EXTRACTED ENTRIES START

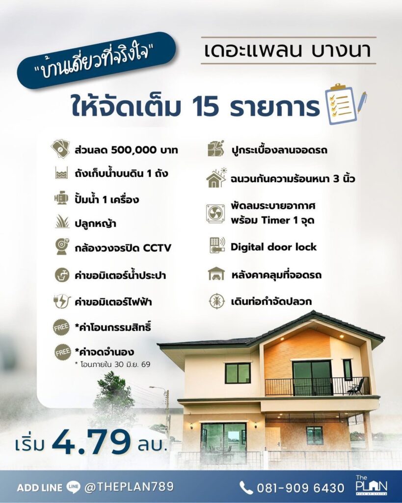บ้านเดี่ยว 2 ชั้น (ใหม่) โครงการ The Plan @บางนา (เอแบค) พร้อมสวน เงียบสงบ ใกล้สนามบินสุวรรณภูมิ
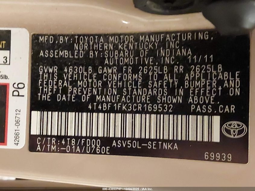Колір ЗолотийЦиліндри 4Привід Передній привідVIN 4T4BF1FK3CR169532Стан Заводиться та їде (перевірено)Ушкодження Передня або задня AutoRIA
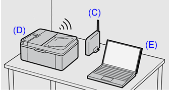 The wireless LAN router is "(C)". It is a repeater that connects a PC and a printer.
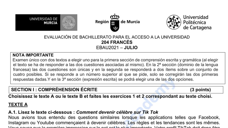 Examen PAU Francés selectividad Murcia — Ordinaria 2021
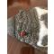 Vintage conque Tibet signes astrologiques métal argenté - pierres turquoises corail - 22cm x 12cm poids 630 grammes
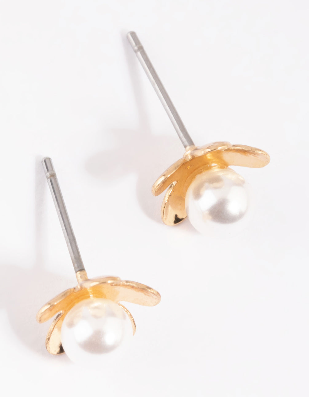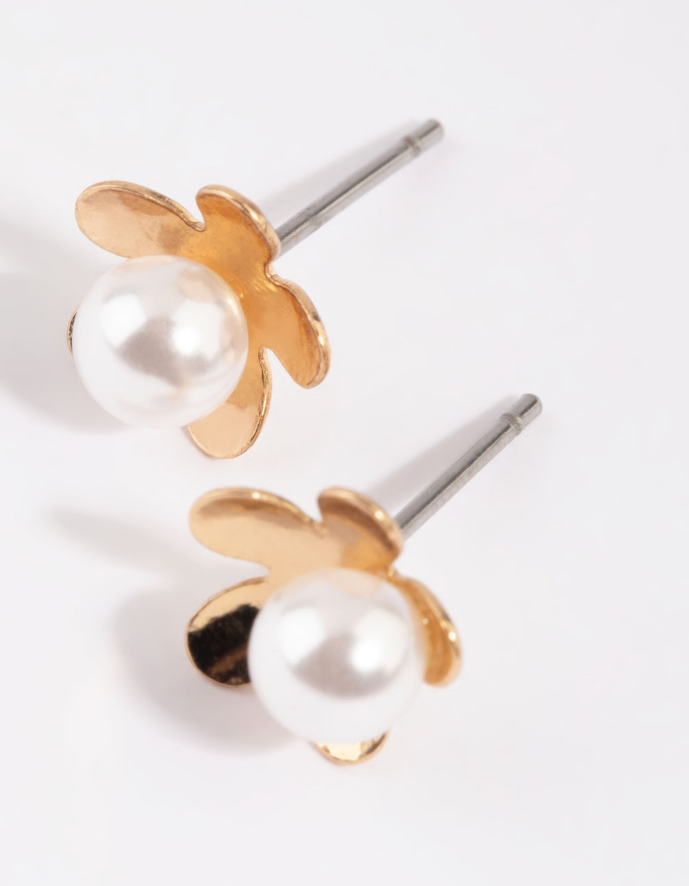 Gold Pearl & Flower Stud Earrings Gold Pearl & Flower Stud Earrings Gold Pearl & Flower Stud Earrings

EXTRACTED ENTRIES END

# [WHAT IS BEING ASKED]
With the pictures left out, restate word for word every line of the data above, from the first down to the line that contains "Колір ЗолотийЦиліндри 4Привід".

# [TASK OUTPUT]
บ้านเดี่ยว 2 ชั้น (ใหม่) โครงการ The Plan @บางนา (เอแบค) พร้อมสวน เงียบสงบ ใกล้สนามบินสุวรรณภูมิ
Колір ЗолотийЦиліндри 4Привід Передній привідVIN 4T4BF1FK3CR169532Стан Заводиться та їде (перевірено)Ушкодження Передня або задня AutoRIA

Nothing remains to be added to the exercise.